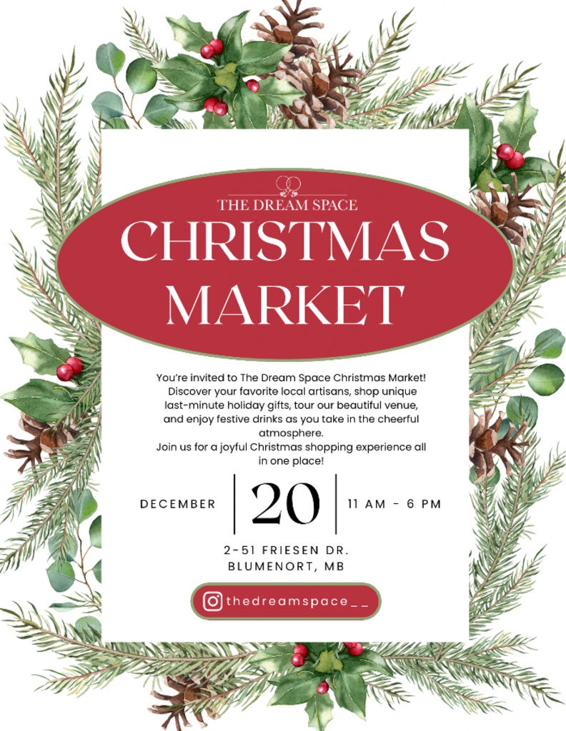Join us for a festive Christmas shopping experience at The Dream Space Christmas Market! Discover a curated selection of local artisans all in one place and shop for unique, last-minute holiday gifts while supporting local businesses.
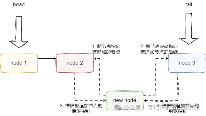 复制func listIndex(l *list, index int64) *listNode { var n *listNode //"If less than 0, calculate the index value as a positive number n, //then continuously jump to the node pointed to by prev based on this positive number n. if index < 0 { index = (-index) - 1 n = l.tail for index > 0 && n != nil { n = n.prev index-- } } else { //Conversely, walk n steps from the front and reach the target node via next, then return. n = l.head for index > 0 && n != nil { n = n.next index-- } } return n }1.2.3.4.5.6.7.8.9.10.11.12.13.14.15.16.17.18.19.20.21.22.23. 指定位置插入双向链表支持在指定元素的前面或者后面插入元素,我们以元素后插入为例,双向链表会将新节点追加到原有节点后面并维护前驱后继指针的信息,插入到指定节点的前方也是同理:
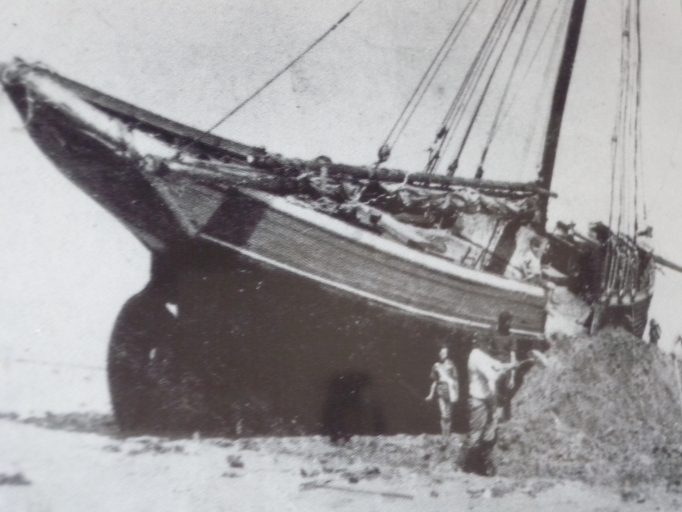 Vue de la 'Petite Anna' à l'échouage pour prendre du sable à la pelle, près de Nuellan, 'Petite Grève du Sillon de Talbert' (collection particulière)Immatriculation
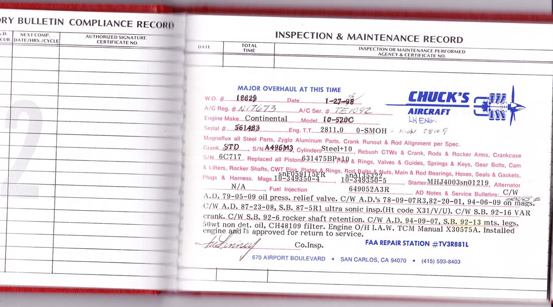 - Continental IO-520C 1700TBO 705/705 SMOH
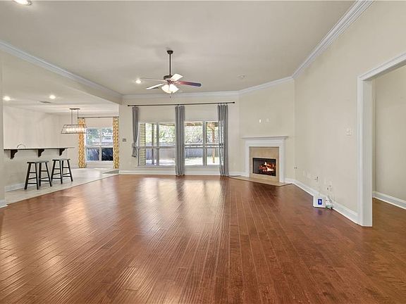 Immaculately Maintained Home Just Minutes from Downtown Covington and Local Amenities! This Home Offers a Well Designed and Versatile Floorplan with 4 Bedrooms / 2 Bathrooms with an Open-Concept Living Room/Kitchen! Walking Into Your New Home, You Will Immediately Notice the Large Living Room with Gas Fireplace, Wood Floors, and Tall Ceilings, and LOTS of Natural Light! Overlooking the Living Room is your Kitchen with Large Center Island and 'Breakfast Bar' with Stainless Appliances, Granite Countertops, Gas Stove, Under-Cabinet Lighting, Large Pantry, and Upgraded 16'' Tile Flooring! Large Primary Suite Adjoining a Primary Bathroom with Walk-In Shower, Jetted Tub, Dual Vanities, and 2 Walk-In Closets! Oversized and Totally Fenced Backyard with 20x25 Expanded/Covered Patio and Workshop! Other Amenities Include: Tankless Water Heater, 2-Car Attached Garage, Community Pool, and Flood Zone C!
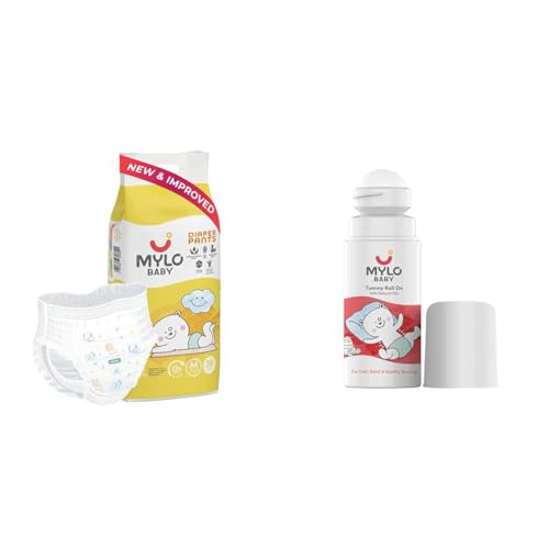 Mylo Baby Diaper Pants Medium (M) Size (38 count) Leak Proof & Mylo Baby Tummy Roll On (40ml) | 7-12 kgs | 12 Hours Protection | Made Safe Certified | Relieves Gas & Colic | Reduces Acid Reflux

****

» **REQUIRED ACTION**:
Repeat exactly the lines from the one holding "Vue de la 'Petite" through the last line of the entries, both included; the pictures do not belong in the copy.

» **FINISHED TASK**:
 Vue de la 'Petite Anna' à l'échouage pour prendre du sable à la pelle, près de Nuellan, 'Petite Grève du Sillon de Talbert' (collection particulière)Immatriculation
 - Continental IO-520C 1700TBO 705/705 SMOH
 Immaculately Maintained Home Just Minutes from Downtown Covington and Local Amenities! This Home Offers a Well Designed and Versatile Floorplan with 4 Bedrooms / 2 Bathrooms with an Open-Concept Living Room/Kitchen! Walking Into Your New Home, You Will Immediately Notice the Large Living Room with Gas Fireplace, Wood Floors, and Tall Ceilings, and LOTS of Natural Light! Overlooking the Living Room is your Kitchen with Large Center Island and 'Breakfast Bar' with Stainless Appliances, Granite Countertops, Gas Stove, Under-Cabinet Lighting, Large Pantry, and Upgraded 16'' Tile Flooring! Large Primary Suite Adjoining a Primary Bathroom with Walk-In Shower, Jetted Tub, Dual Vanities, and 2 Walk-In Closets! Oversized and Totally Fenced Backyard with 20x25 Expanded/Covered Patio and Workshop! Other Amenities Include: Tankless Water Heater, 2-Car Attached Garage, Community Pool, and Flood Zone C!
 Mylo Baby Diaper Pants Medium (M) Size (38 count) Leak Proof & Mylo Baby Tummy Roll On (40ml) | 7-12 kgs | 12 Hours Protection | Made Safe Certified | Relieves Gas & Colic | Reduces Acid Reflux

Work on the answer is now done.